A land agreement also referred to as an agreement for a deed, is an agreement in which you fund the purchaser’s buy rather than relying on a third-party lender. Such that until the buyer pays the last installment, you retain legal title to the property. These types of contracts could be beneficial or disadvantageous for sellers.
Sourcing for Credit
The client does not need to obtain financing to conduct business with you because you are funding the acquisition yourself. This helps you to draw purchasers who would not otherwise be able to afford your home. Engaging with a buyer who has a low credit history or none, on the other hand, is more likely to result in a purchaser default.
Flexible Terms of Payment
Because there is no third party involved in the deal, you have a lot of leeways when bargaining with the buyer. You might not require a deposit from a buyer who has limited capital backing, for example. Therefore, you can ask for a larger purchase price or a huge origination fee as the last installment.
Third-party lenders request a lot of paperwork, and their engagement in a property purchase typically causes friction. A land contract can substantially speed up the process of closing a real estate deal if you are in a hurry.
If a buyer fails to pay, the seller is required by state law to pursue charges. In some states, for example, the seller must choose between forfeiture and foreclosure, then go on to alert the buyer, and initiate a state court complaint.
The seller maintains all monthly repayments and reclaims ownership of the property under forfeiture, while the purchaser owes nothing.
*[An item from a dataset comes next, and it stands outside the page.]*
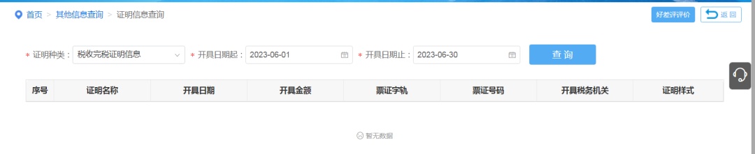 点击【车辆完税证明(电子版)查询】,进入该模块后,证明种类中下拉框选择“车购税完税证明”,输入查询车辆的车辆识别代号,确认开具日期起止,点击“查询”。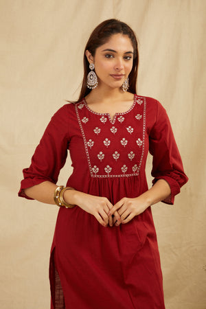 Maroon Cotton Partywear Suit Set-3 With Work On Yoke

The buyer is viewed as the “equitable” owner of the property during the foreclosure process, which means that his prior payments under the mortgage are not considered.
The court rules that the asset be auctioned and that the earnings be used to pay the seller the full sum owing under the agreement, whereas, any excess earnings go to the buyer, who is responsible to the seller for any shortfall.
The SAFE Act
Before finalizing a land agreement, you may be required to obtain a home mortgage originator license if you are selling real estate that isn’t your primary residence.
The Federal Secure and Fair Enforcement Mortgage Licensing Act, often known as the SAFE Act, mandates that real estate mortgage loan originators submit to an FBI background check, complete a 20-hour education program, take a test, and be listed in a national database.
However, there are exclusions to the SAFE licensing criteria, such as when selling your own house, a commercial facility, or to a close relative.